╭─ Given records

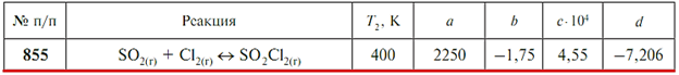 Задачи 842-861 (табл. 2.11). Используя уравнение температурной зависимости константы равновесия lgKp = a/T + blgT + cT + d, рассчитайте константу равновесия Kp при температуре Т1 = 298 К и при заданной температуре Т2. Не производя вычислений, укажите, в каком направлении смещается равновесие реакции при повышении температуры. Рассчитайте константу равновесия КC при стандартной температуре.
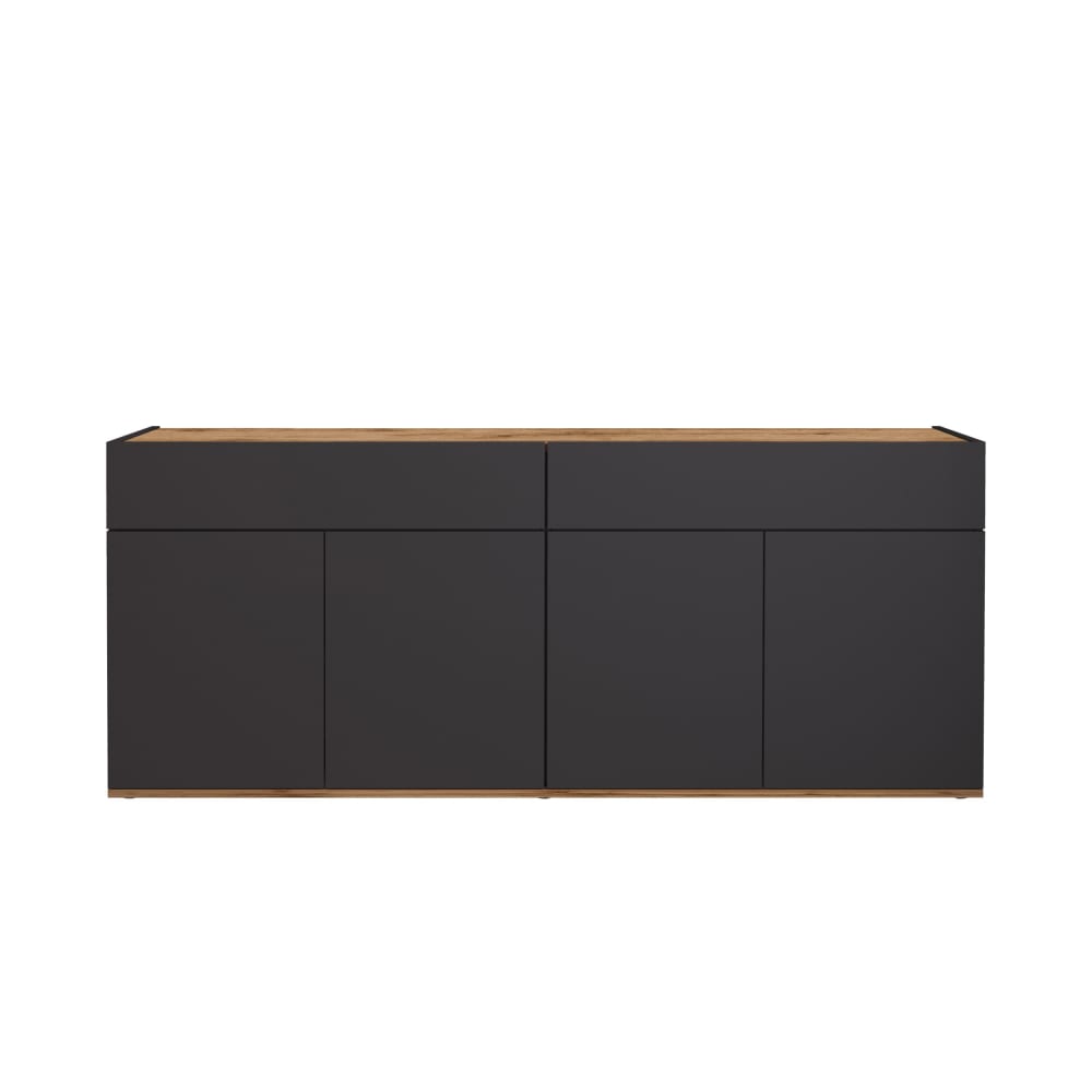 Credenza effetto legno con 3 ante scorrevoli in rattan e 2 cassetti
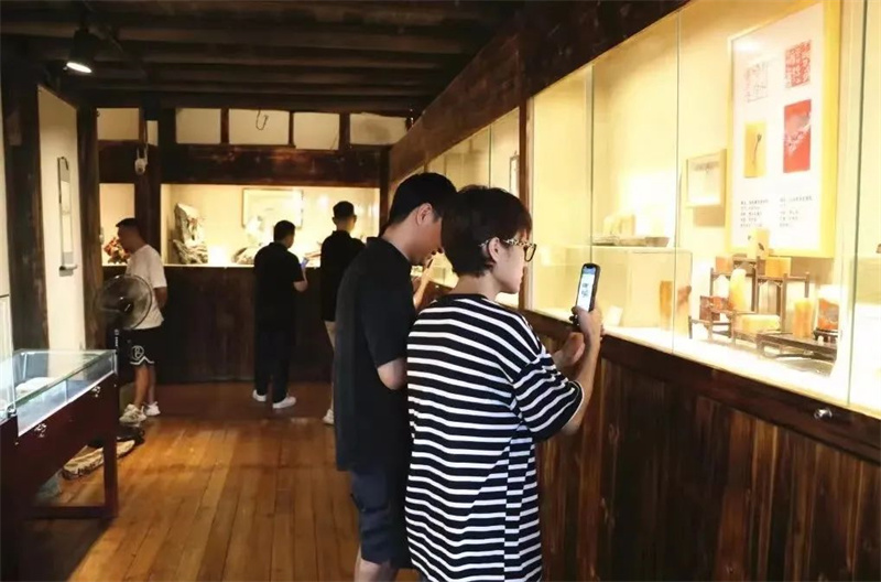 國慶前夕,“千年古邑 一生長樂”——壽山石文化藝術精品展暨中國工藝美術大師劉傳斌傳承展,在福州市長樂區和平街歷史文化街區天工藝術館開展,近日來此觀展的游客絡繹不絕。
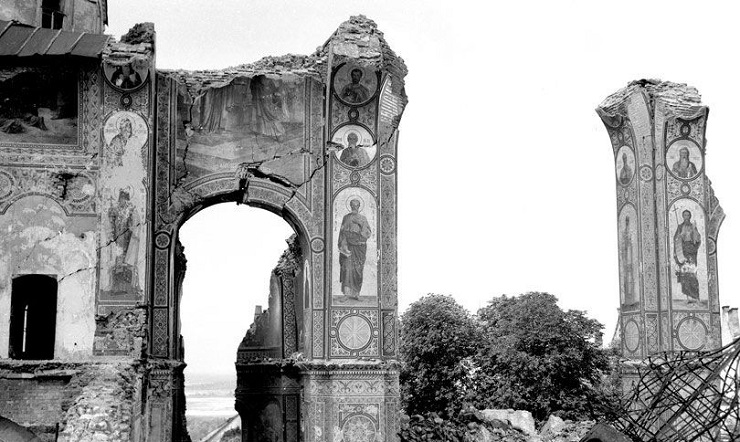 У листопаді 1941 року президент Словаччини Йозеф Тито, який перебував у Києві з візитом, відвідав одну з найвідоміших церковних памʼяток — Успенський собор Києво-Печерської лаври. Через кілька годин у ньому пролунало три потужні вибухи. Один з найзнаковіших соборів Києва, який стояв ще з 11 століття, був зруйнований. Унікальні фрески, ікони та безліч артефактів назавжди втрачені. Успенський собор відновили лише в 2000 році.
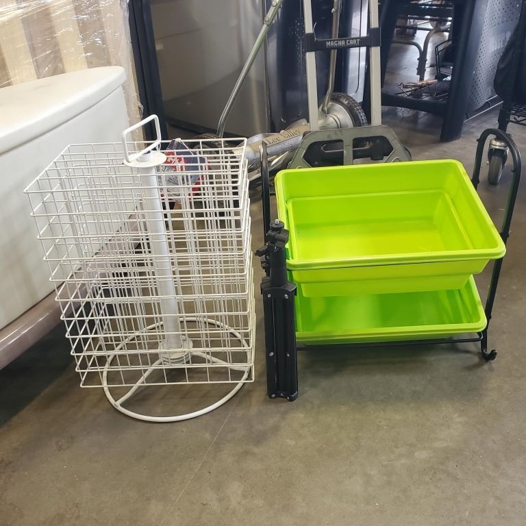 RETAIL SWIVEL DISPLAY RACK AND 2 TIER SHELF UNIT WITH TRIPOD
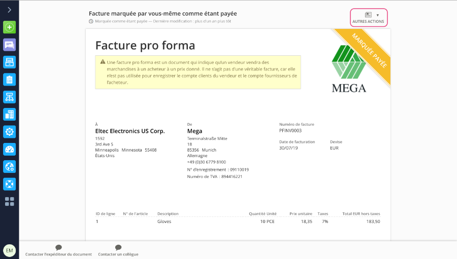 Quelques jours plus tard, le destinataire règle la facture par virement bancaire. Ensuite, il accède au document et lui affecte l’état Payé
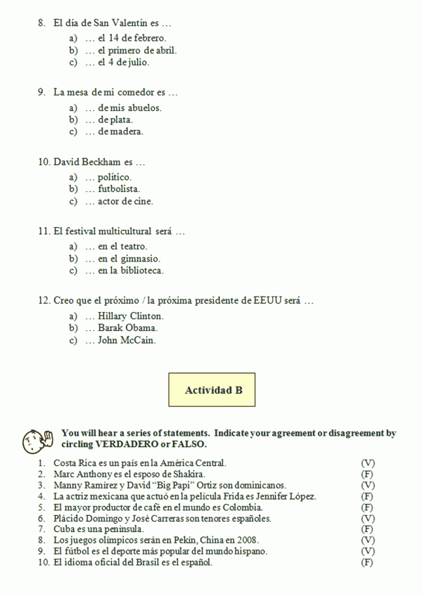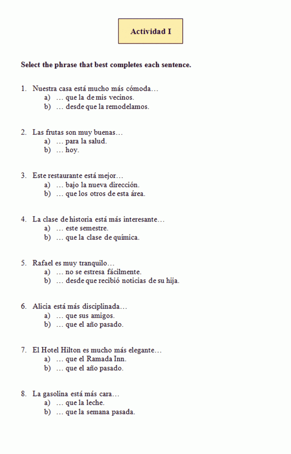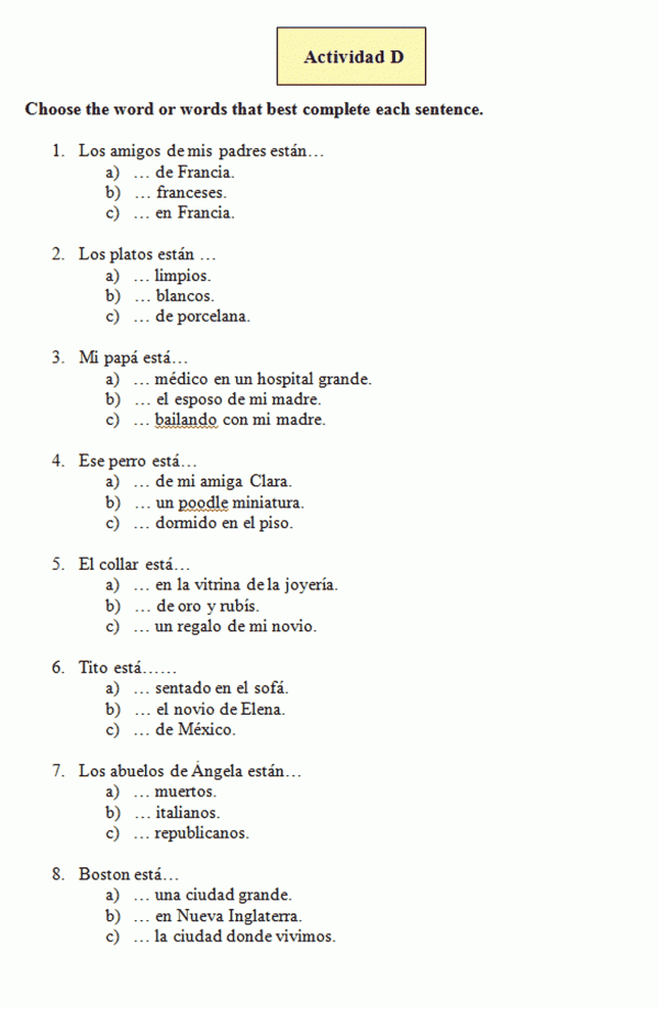 15. Es casado. He’s married. | Está casado con la prima de Luis. He is married to Luis’s cousin. |

╰─

Repeat exactly the lines from the first line of the records above through the line containing "RETAIL SWIVEL DISPLAY", leaving out the pictures.

 Задачи 842-861 (табл. 2.11). Используя уравнение температурной зависимости константы равновесия lgKp = a/T + blgT + cT + d, рассчитайте константу равновесия Kp при температуре Т1 = 298 К и при заданной температуре Т2. Не производя вычислений, укажите, в каком направлении смещается равновесие реакции при повышении температуры. Рассчитайте константу равновесия КC при стандартной температуре.
 Credenza effetto legno con 3 ante scorrevoli in rattan e 2 cassetti
 國慶前夕,“千年古邑 一生長樂”——壽山石文化藝術精品展暨中國工藝美術大師劉傳斌傳承展,在福州市長樂區和平街歷史文化街區天工藝術館開展,近日來此觀展的游客絡繹不絕。
 У листопаді 1941 року президент Словаччини Йозеф Тито, який перебував у Києві з візитом, відвідав одну з найвідоміших церковних памʼяток — Успенський собор Києво-Печерської лаври. Через кілька годин у ньому пролунало три потужні вибухи. Один з найзнаковіших соборів Києва, який стояв ще з 11 століття, був зруйнований. Унікальні фрески, ікони та безліч артефактів назавжди втрачені. Успенський собор відновили лише в 2000 році.
 RETAIL SWIVEL DISPLAY RACK AND 2 TIER SHELF UNIT WITH TRIPOD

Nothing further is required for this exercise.